Reproduce each line of the following material exactly, omitting the images.

Data excerpt
---
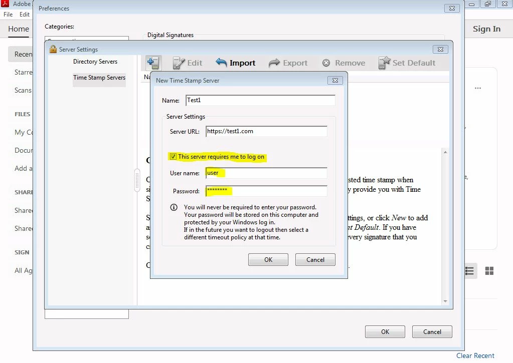 I have a problem with create application package in SCCM including TimeStamp log on Configuration. This option is configurate in Edit\Preferences\Signatures\Configure Timestamp Server Settings\Time Stamp Servers\New I found this configuration in windows registry in Komputer\HKEY_CURRENT_USER\Software\Adobe\Acrobat Reader\DC\Security\cPPKHandler\cTimeStampServers\c0 key. When I copied it to another machine I have TimeStamp server properties correctly, but creditionals fields are empty. I marked on attachment what options don't migrate:
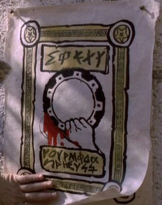 - Unlike most of the "Greek" writing in the Xenaverse, the poster for this play actually uses the Greek alphabet, mostly. Although legible, it's still utter gibberish.
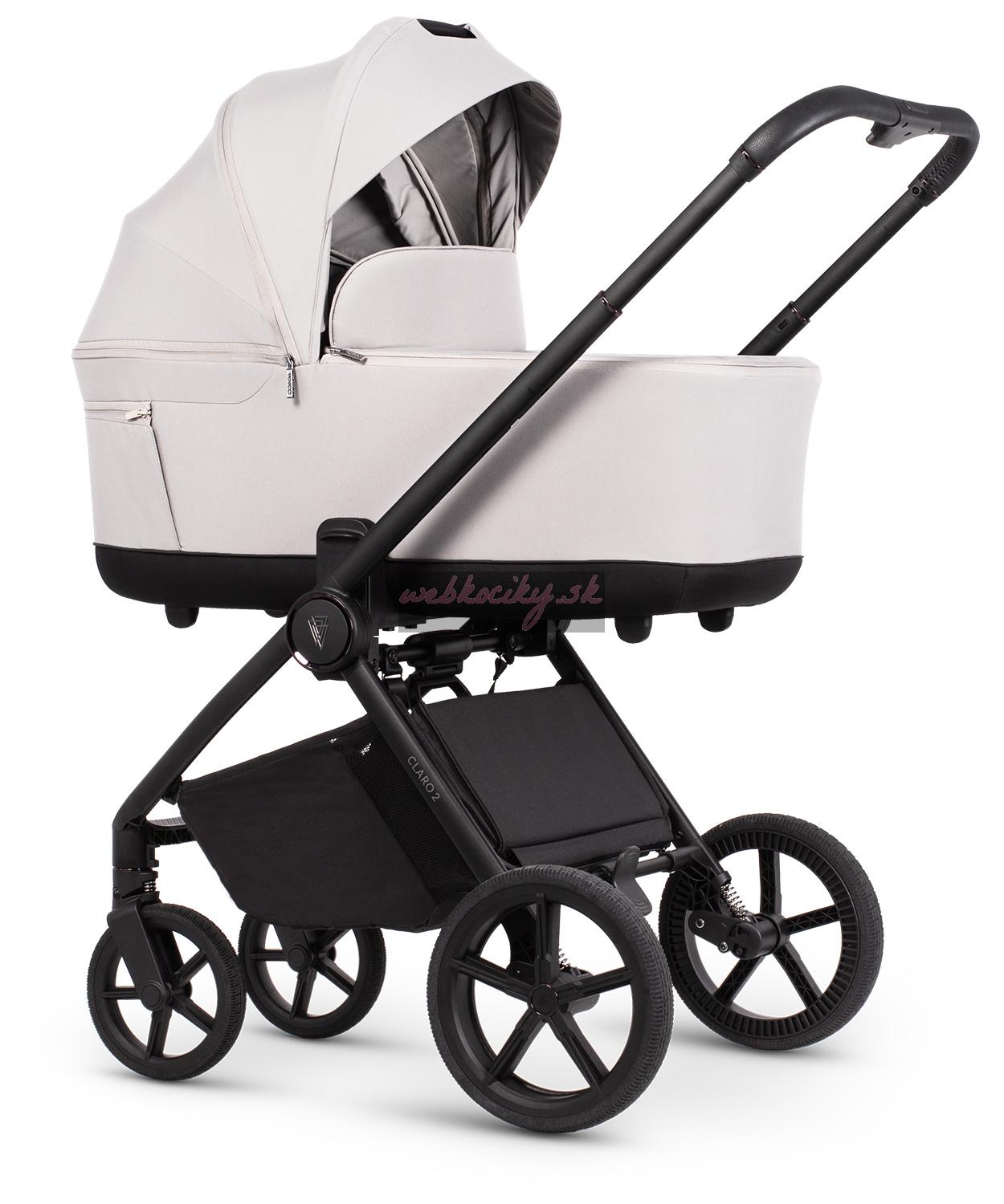 Model Claro 2 má malé, svižné gélové kolieska, ktoré zaručujú veľkú odolnosť a dobré odpruženie. Dôraz na detail, krásne ozdoby a jemný vzor vyrazený vo vnútri korbičky znamenajú, že s týmto kočíkom vyrazíte do mesta s hrdosťou. Pri kočíku Claro 2 však nejde len o estetický dizajn, ale predovšetkým o konštrukciu, ktorá zaistí bezpečnosť vám aj vášmu dieťatku pri každej prechádzke. Postarali sme sa o všetko, vrátane odraziek v športovej sedačke a vaničke, aby sme vám zaručili pokojné vychádzky a príjemné spomienky.
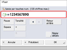 Entrer le numéro de télécopieur du destinataire à l'aide des touches numériques
---
Exercise solution
 I have a problem with create application package in SCCM including TimeStamp log on Configuration. This option is configurate in Edit\Preferences\Signatures\Configure Timestamp Server Settings\Time Stamp Servers\New I found this configuration in windows registry in Komputer\HKEY_CURRENT_USER\Software\Adobe\Acrobat Reader\DC\Security\cPPKHandler\cTimeStampServers\c0 key. When I copied it to another machine I have TimeStamp server properties correctly, but creditionals fields are empty. I marked on attachment what options don't migrate:
 - Unlike most of the "Greek" writing in the Xenaverse, the poster for this play actually uses the Greek alphabet, mostly. Although legible, it's still utter gibberish.
 Model Claro 2 má malé, svižné gélové kolieska, ktoré zaručujú veľkú odolnosť a dobré odpruženie. Dôraz na detail, krásne ozdoby a jemný vzor vyrazený vo vnútri korbičky znamenajú, že s týmto kočíkom vyrazíte do mesta s hrdosťou. Pri kočíku Claro 2 však nejde len o estetický dizajn, ale predovšetkým o konštrukciu, ktorá zaistí bezpečnosť vám aj vášmu dieťatku pri každej prechádzke. Postarali sme sa o všetko, vrátane odraziek v športovej sedačke a vaničke, aby sme vám zaručili pokojné vychádzky a príjemné spomienky.
 Entrer le numéro de télécopieur du destinataire à l'aide des touches numériques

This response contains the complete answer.